Page 23 of The Marbury Lens


  I got out of my clothes.

  In the red glow of the nightstand clock, I saw that he’d left a note for me on my pillow.

  Folded, on the top it said JACK.

  I couldn’t read it. I pushed it under the pillow and got into bed, curled on my side.

  I knew I was dying.

  Maybe it wasn’t real. Maybe it was all just the shit Freddie Horvath shot into my veins.

  Freddie Horvath did something.

  Jack doesn’t cry.

  But fuck you anyway, Jack.

  You deserve this.

  I kept my hand on Conner’s note, like it was holding me there, somehow making the pain a little more tolerable. I fucked up, I knew it. Everything was Jack’s fault. Everything—from the moment I walked out of that party at Conner’s to how I ended up in Freddie Horvath’s house. And now I was a prisoner again—half in one world and half in another. Stuck in the gap. I hoped Conner would be okay. He didn’t know what he was doing.

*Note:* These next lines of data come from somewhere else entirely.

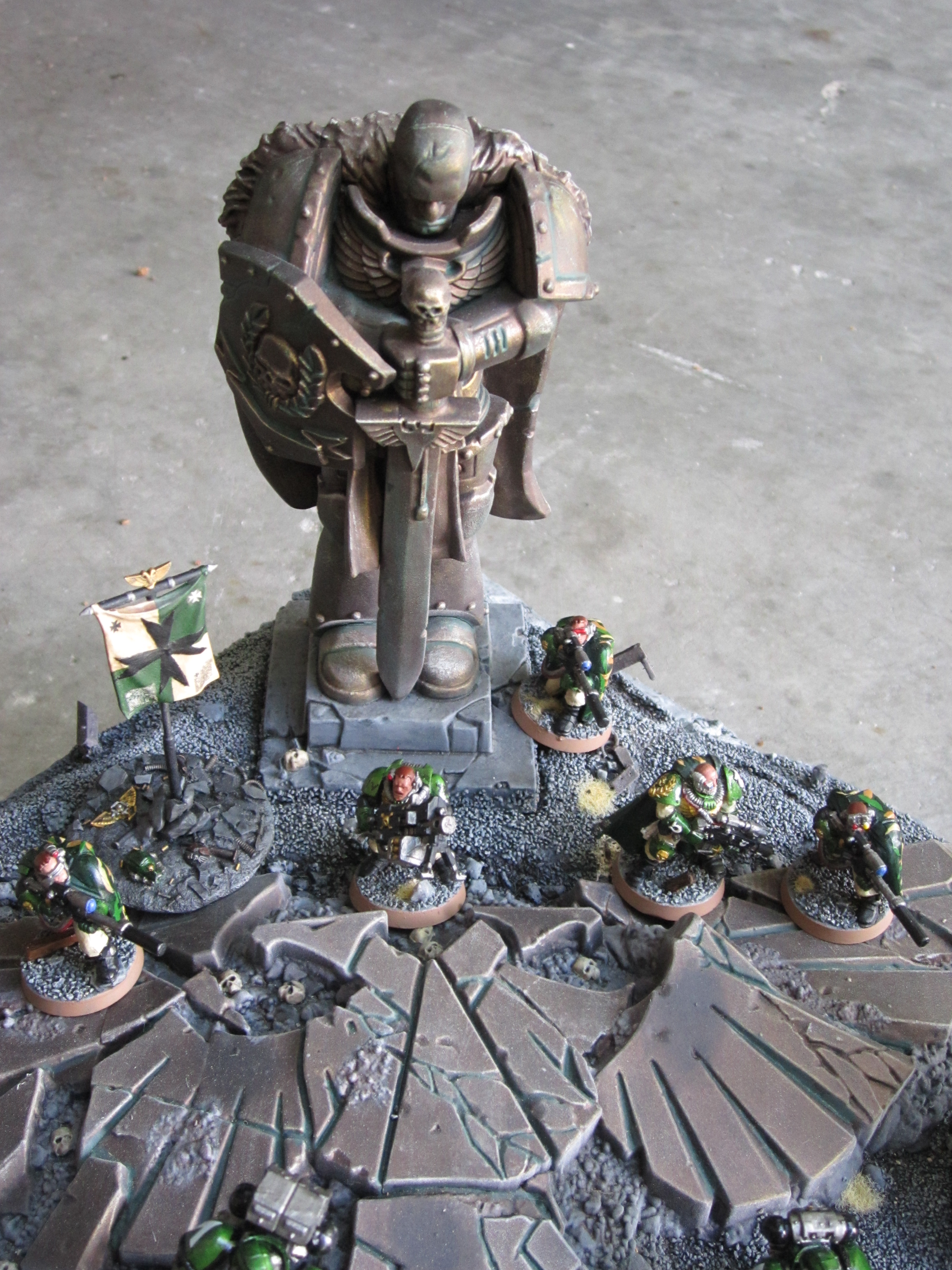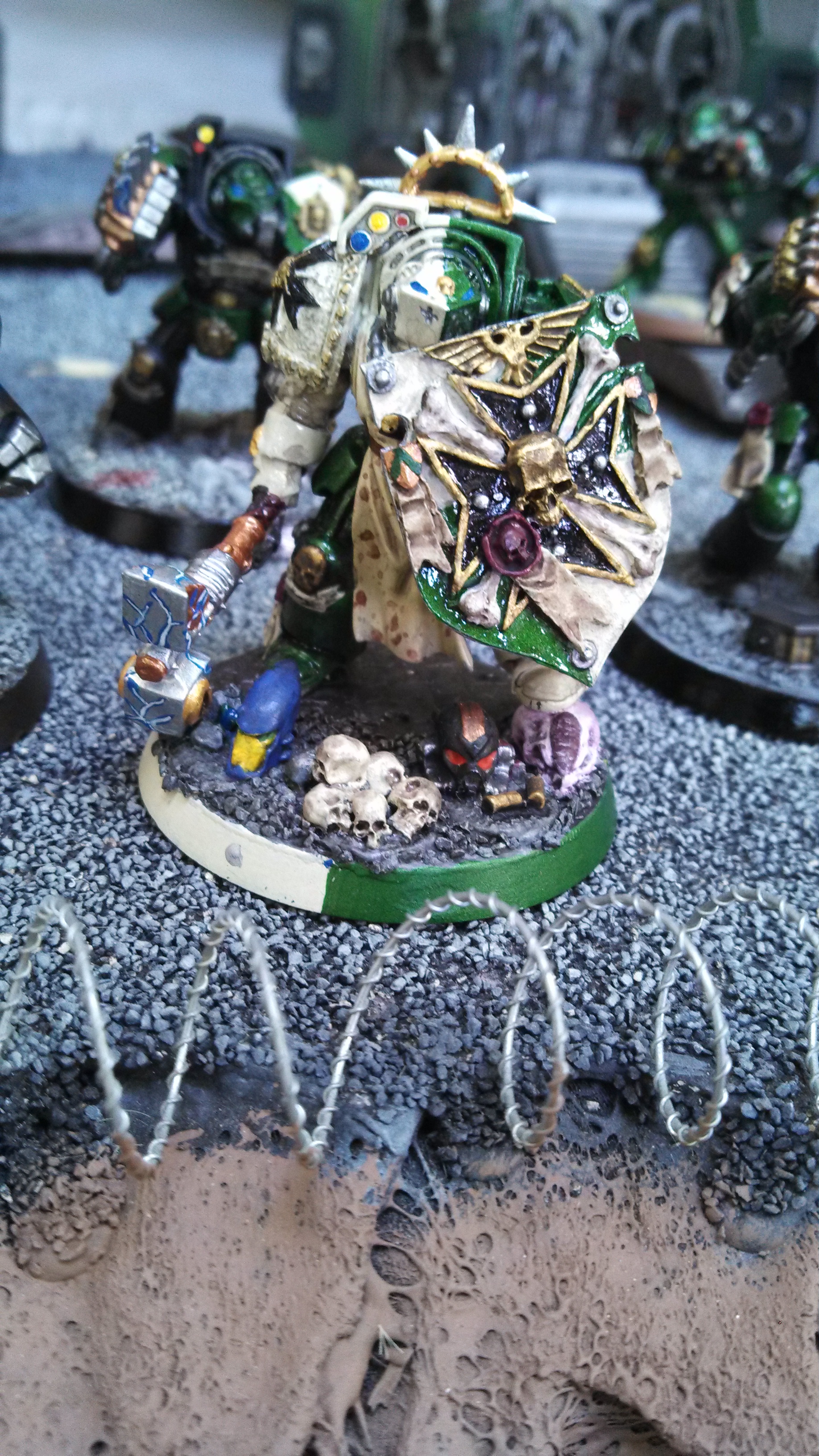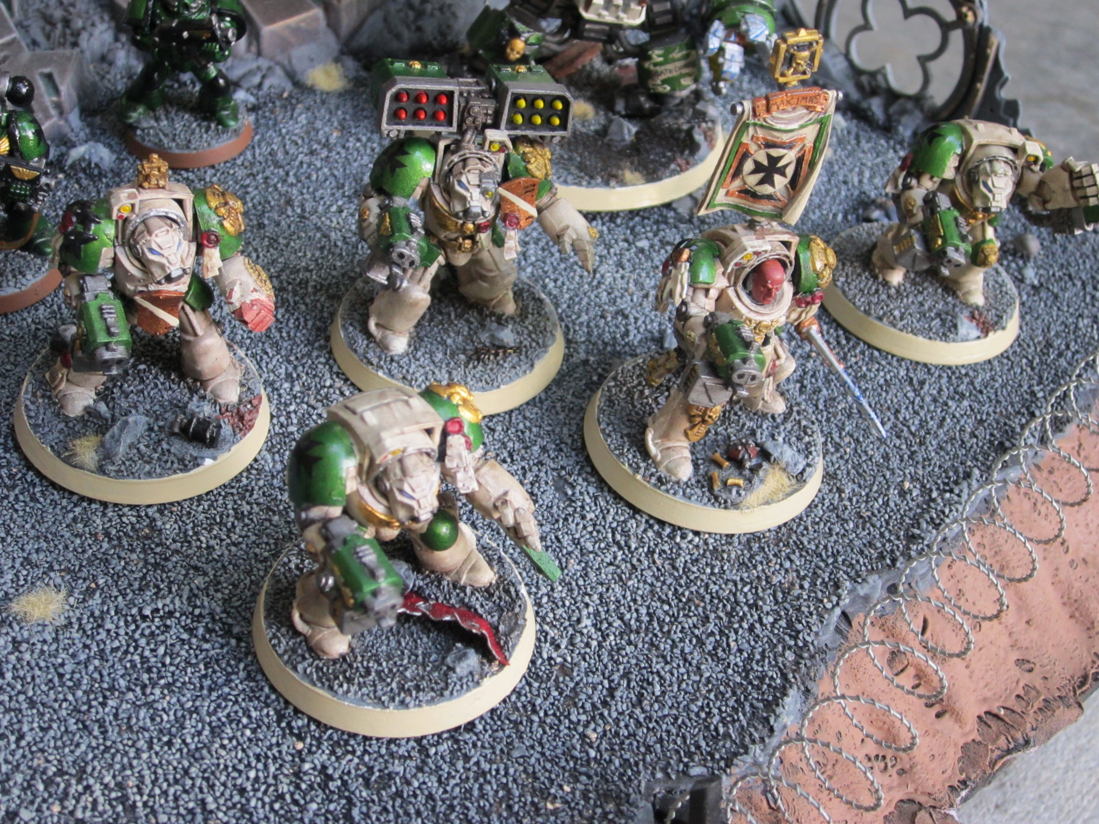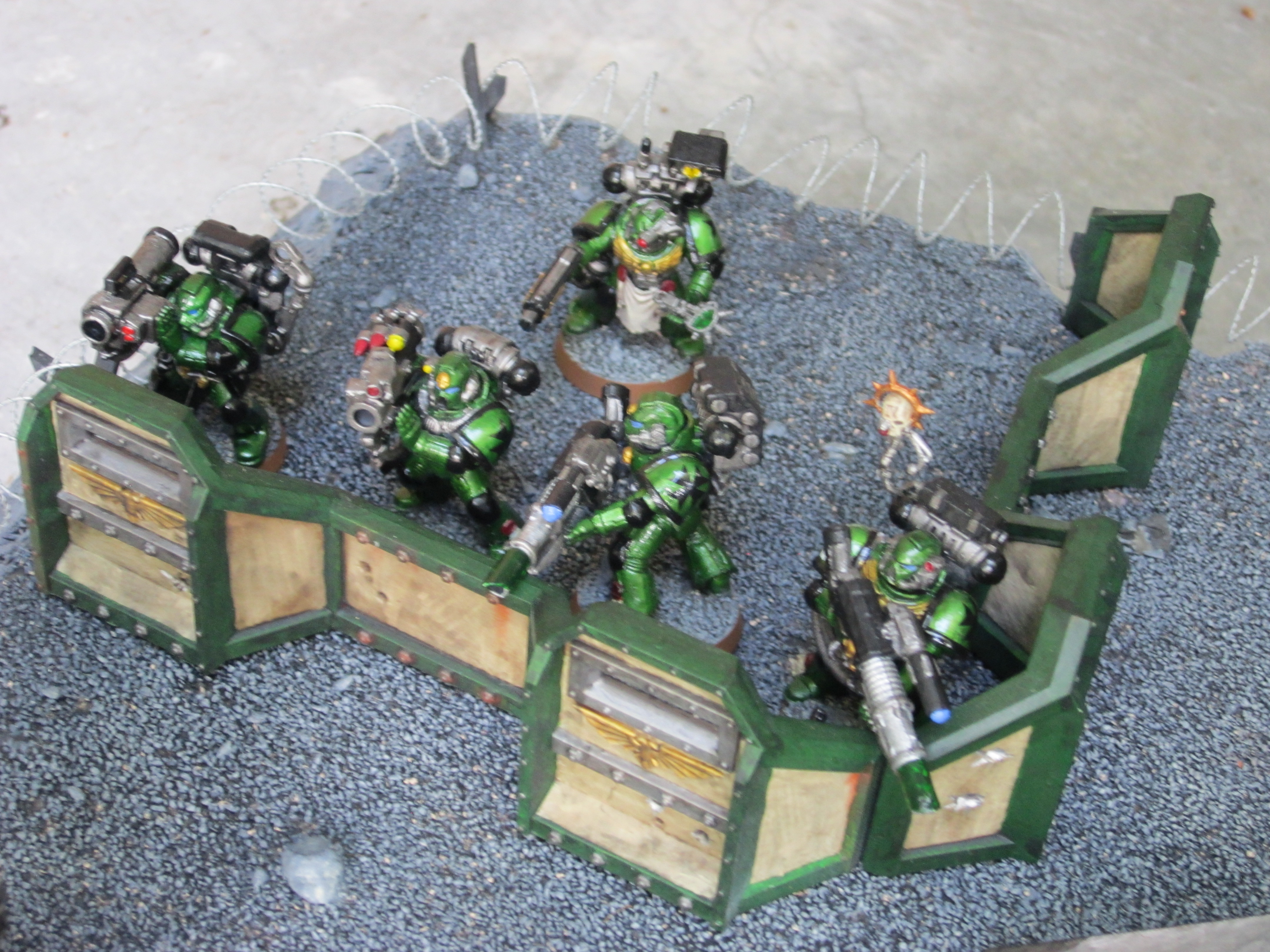 This is my attempt at my own Chapter colors. I went for green and BT iconography; sort of "hidden BT descendant chapter" kinda idea. I tend to jump between codexes ( SMs, BTs, and DAs).
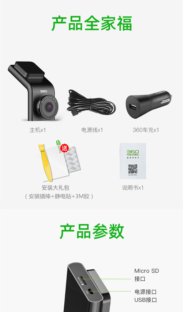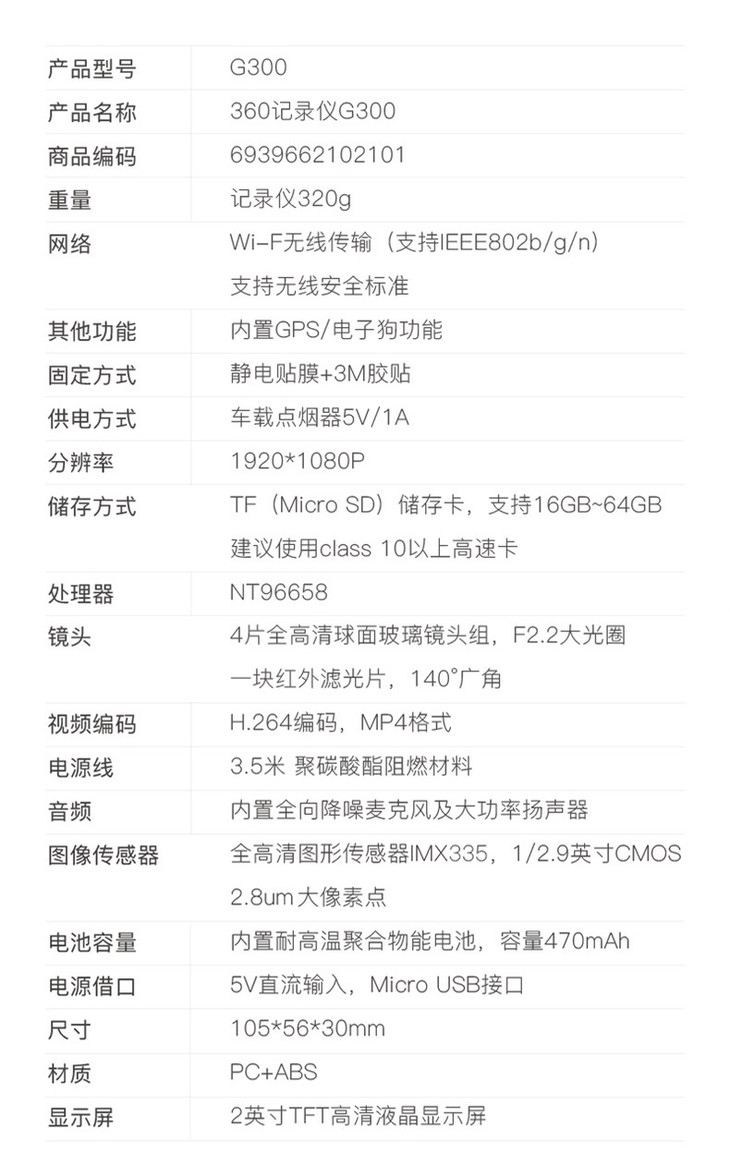 360行车记录仪G300为本机型号,如果不要内存卡,售价365元。
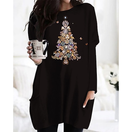 Per donna Mini Abito Abito di Natale Abito Stampato Moda Moderno Quotidiano All'aperto Vacanza Vestibilità regolare Grafico Manica Lunga Girocollo Nero Autunno Inverno
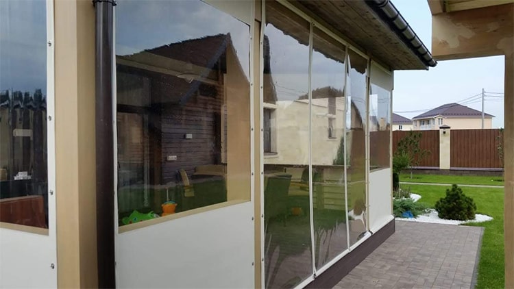 В сезон холодов «мягкие окна» создают воздушную прослойку, которая слегка утепляет веранду и защищает её от снега и наледи. Главное — следить, чтобы наледь и снег не создали избыточной нагрузки на полотно.
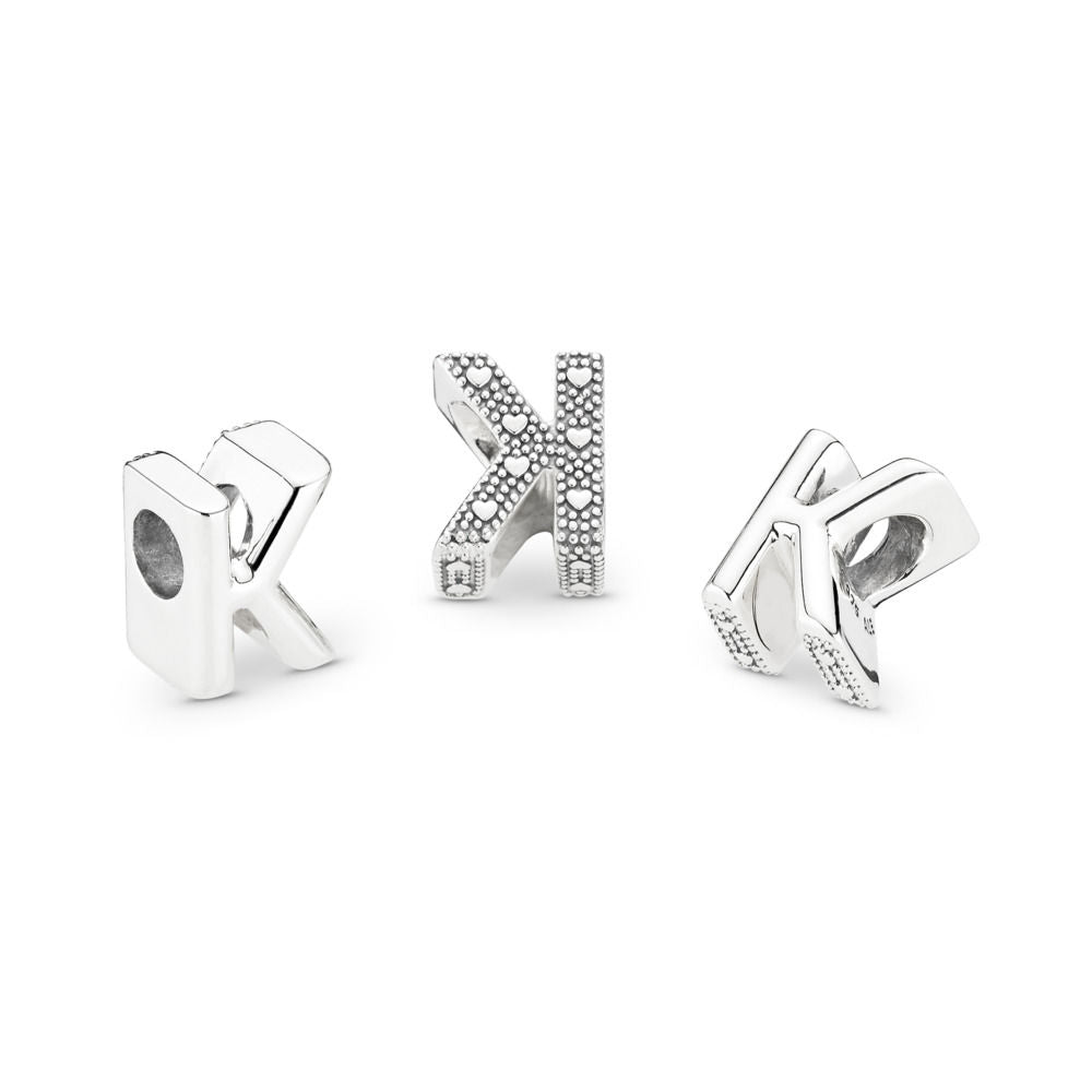 Keep it simple and stylish with this letter 'K' letter charm. PANDORA's glittering alphabet charms in a sterling silver are a great way to spell out your keywords, names or initials.
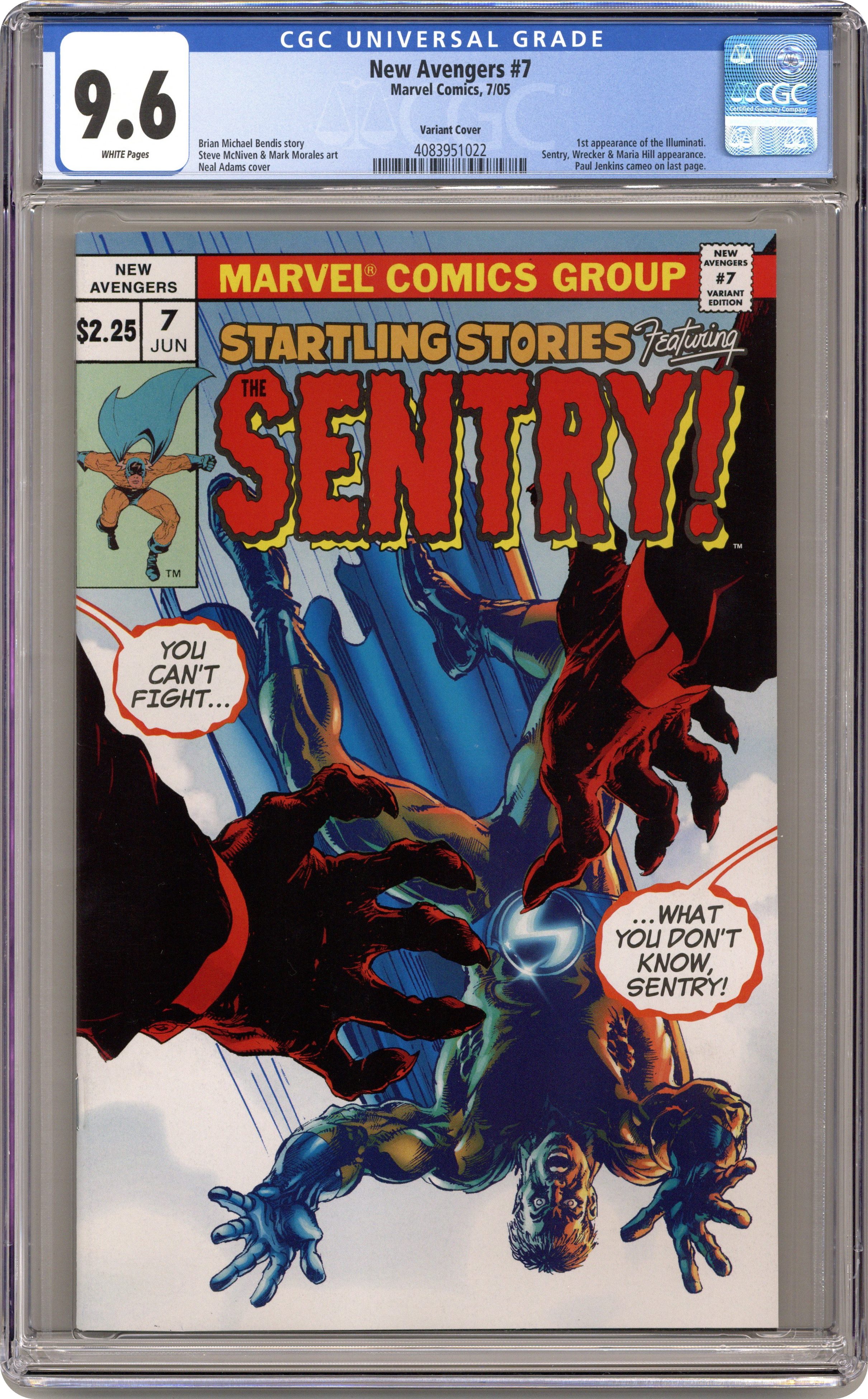 Ended Mar 8 2024 Winning Bid $24 Limited Edition Variant Cover by Neal Adams The Sentry: Part 1 of 3 - Written by BRIAN MICHAEL BENDIS Penciled by STEVE MCNIVEN Cover by Neal Adams. David Finch takes a well-deserved nappy time to give Young Gun guest artist Steve McNiven a moment to shine. The mysteries and tragedies of the Sentry come to the forefront as the New Avengers come to his aid. Who is behind the Sentry's tragic life? The answer WILL SHOCK YOU! 32 PGS./Marvel PSR NOTE: 1st appearance of the Illuminati (a secret group comprised of Iron Man, Mister Fantasic, Namor, Professor X, Doctor Strange, and Black Bolt). Cover price $2.25. Grade: CGC 9.6 explanation of grade Condition: Used (collectible)

  My chest heaved, but I don’t cry.

  Roll.

  I knew I’d heard it, so faint.

  Roll.

  Longer now. Where?

  Tap. Tap. Tap.

  Conner stirred.

  Tap.

  Under the bed.

  Tap.

  Then the vibrating, winding sound that a spinning coin makes when it comes to rest.

  Tap.

  My muscles cramped, locked tight. I managed to get my knees over the side of the bed, and lowered myself onto the floor. Everything was soaked with my sweat. It smelled like the sea.

  And when I looked beneath the bed, I saw the familiar white light shining upward onto the underside of the mattress through the oval of a single lens.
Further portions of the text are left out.